Shellbox
Shellbox is a library for remote command execution, and a server for secure command execution. It was primarily implemented to sandbox lilypond (used by the Score extension ) and provide a way for MediaWiki to utilize external binaries without needing them to be in the same container. Shellbox relies on Kubernetes (and Linux containers/namespaces) to provide isolation and resource limits for external commands.
Documentation for integration in MediaWiki is available at mw:Shellbox , operational aspects are here on Wikitech.
Production Shellbox generally runs the same PHP version as production MediaWiki most of the time; during the migration to a newer PHP version, Shellbox services are often among the first to move to the new PHP version (see e.g. T377038 for PHP 8.1 and T403284 for PHP 8.3), somewhat ahead of MediaWiki.
Architecture
Requests come into an Apache httpd container, which contains the Shellbox secret key as a configmap. The request is passed onto a php-fpm container, which contains the Shellbox code and necessary binaries. Once the request is authenticated, Shellbox executes the command as the www-data user. The response is then sent back.
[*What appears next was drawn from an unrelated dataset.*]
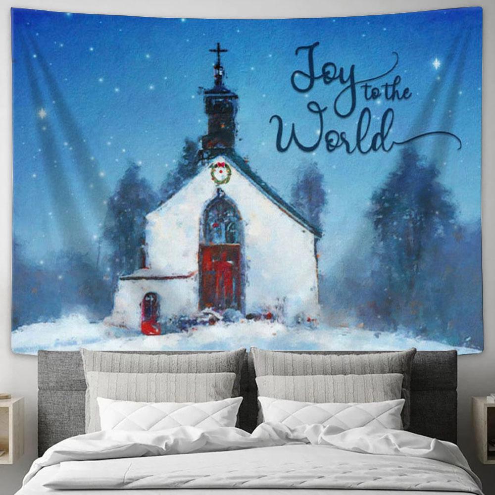 Joy To The World - Old Country Church - Christmas Tapestry Wall Art - Christian Wall Decor

Yeah.
MediaWiki talks to Shellbox over a local envoyproxy.
Shellboxes
We currently have six Shellbox deployments in active use:
- shellbox
- Used by: Score
- URLs: https://shellbox.discovery.wmnet:4008 and http://localhost:6024 on appservers
- Extra packages: lilypond, imagemagick, ghostscript, fluidsynth, lame, noto fonts
- T281423: New Service Request Shellbox
- shellbox-constraints
- Used by: WikibaseQualityConstraints regex checking
- URLs: https://shellbox-constraints.discovery.wmnet:4010 and http://localhost:6025 on appservers
- Extra packages: none
- T285104: Deploy Shellbox instance (shellbox-constraints) for Wikidata constraint regexes
- shellbox-media
- Used by: DjVU (in core), PdfHandler , and PagedTiffHandler
- URLs: https://shellbox-media.discovery.wmnet:4015 and http://localhost:6026 on appservers
- Extra packages: djvulibre-bin, libtiff-tools, poppler-utils
- T289228: Convert media handling code (PdfHandler, PagedTiffHandler) to use Shellbox
- shellbox-syntaxhighlight
- Used by: SyntaxHighlight
- URLs: https://shellbox-syntaxhighlight.discovery.wmnet:4014 and http://localhost:6027 on appservers
- Extra packages: python3, pygments
- T289227: Convert SyntaxHighlight to use Shellbox
- shellbox-timeline
- Used by: EasyTimeline
- URLs: https://shellbox-timeline.discovery.wmnet:4012 and http://localhost:6028 on appservers
- Extra packages: librsvg, perl, ploticus, various fonts
- T289226: Convert EasyTimeline extension to use Shellbox
- shellbox-video
- Used by: TimedMediaHandler for transcoding video
- URLs: https://shellbox-video.discovery.wmnet:4080 and http://localhost:6036 on appservers
- Extra packages: ffmpeg, fluidsynth, wmf-certificates
- T356241: Move video transcoding to use Shellbox
Monitoring
- Primary Shellbox dashboard , supports all deployed Shellboxes.
Shellbox provides a
/healthz
endpoint that can be used to quickly check if the service is up, e.g.:
user@host$ curl https://shellbox.discovery.wmnet:4008/healthz
{
"__": "Shellbox running",
"pid": 10782
}
All other requests are harder to externally construct since they need to be signed with the Shellbox secret key.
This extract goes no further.